Archival records are paper documents or computer files preserved by organizations and institutions as evidence of events that are important to that organization or institution. For example, records of office discipline referrals are stored by schools, along with records of attendance, grades, and academic test scores. Other examples of archival records include (a) arrest and incarceration records kept by the police; (b) medical records kept by doctors, dentists, pharmacies, clinics, and hospitals; (c) vital statistics of births and deaths kept by county governments; and (d) marriage records kept by churches and governments. Families, businesses, departments of motor vehicles, historians, and the public in general find value in maintaining records.

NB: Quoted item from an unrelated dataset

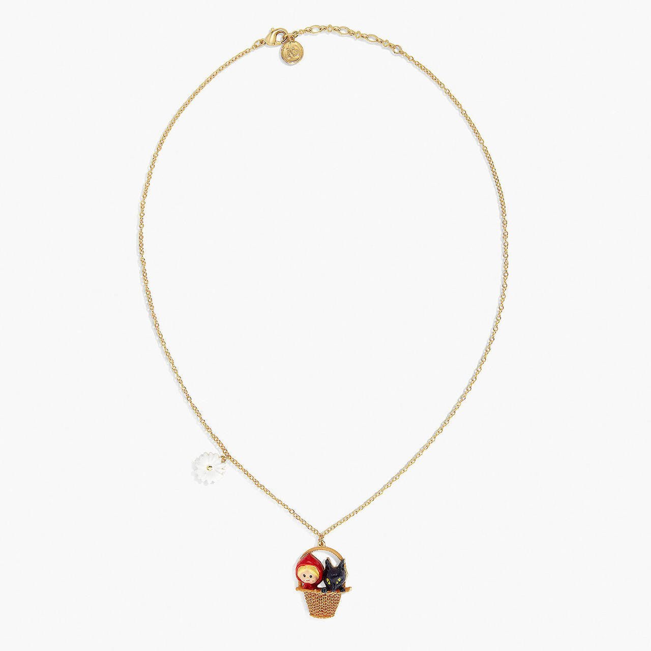 Step into a storybook world with the Basket, Little Red Riding Hood and Big Bad Wolf Pendant Necklace from Les Néréides' A Walk in the Woods collection. This whimsical piece captures the iconic fairytale with charming detail—featuring Little Red Riding Hood, the Big Bad Wolf, and a daisy-filled basket, all hand-painted with childlike lines that evoke nostalgic wonder. A wearable tale of innocence and intrigue.

Institutional records are kept because they contain information about events that are important in and of themselves. For example, being arrested and being referred to the principal's office are important events for everyone involved or affected (e.g., offender and offender's family and friends, authority and persons responsible for documentation, observers and bystanders, taxpayers).

In any society, questions arise about crime, school discipline, hospitalizations, and other events that can be answered by a study of institutional records. Analysis of relevant archival data may be the most practical and efficient way to find answers to research questions. Institutional records are well suited for studies covering long periods of time, covering many areas of the country, or involving large sample populations. In addition, regularly scheduled reviews of internal data greatly facilitate formative evaluation and ongoing monitoring of important events within an institution.

School archival records are particularly important in relation to behavior management because school staff produce records of serious behavior problems. These records are a valuable source of information about the way a school serves students. Prevention efforts, behavioral interventions, special education, and counseling services typically are documented, as well as outcomes for the student, such as academic achievement, suspensions, expulsion, dropout, or high school graduation. Other types of information typically found in school archives include attendance, school transfers and placements, psychologists' evaluations, reports of suspected abuse or neglect, records of accidents or injuries in nurses' logs, and documentation of functional behavioral assessments.

Research

Archival records are valuable sources of research data for at least three reasons: (1) the events were documented because they are important; (2) long periods of time and many people can be studied relatively quickly, unobtrusively, and inexpensively; and (3) although they may be a challenge to analyze, the researcher who demonstrates a difference using data from institutional records can be fairly confident that the difference is real and that it is important to everyone who is in any way involved with, or affected by, the institution.

Institutional records are routinely compiled and provide a readily available source of data for research. Because the records preserve what was written at the time of the incident, problems associated with interview or questionnaire data, such as selective memory and bias, are avoided. Another advantage of archival data is that the data collection is not intrusive, and subject reactivity is seldom a problem. To enhance interpretation of archival data, researchers can use additional sources of information, such as direct observation, surveys, and interviews. Records from schools, correctional facilities, and medical clinics have been used in various studies in combination with self-reported data from interviews or questionnaires about (respectively) students' behavior problems in school, adolescents' illegal activities, and teen pregnancies and sexual practices. Research findings indicate that although the frequency of problem behaviors as indicated in official records typically is lower than self-reported frequency, for both sources, changes over time and correlations with other variables will be similar. In other words, not everything that happens is recorded, but what is recorded tends to reflect what is happening. In general, archival data provide a conservative estimate of the frequency of individual behaviors of interest.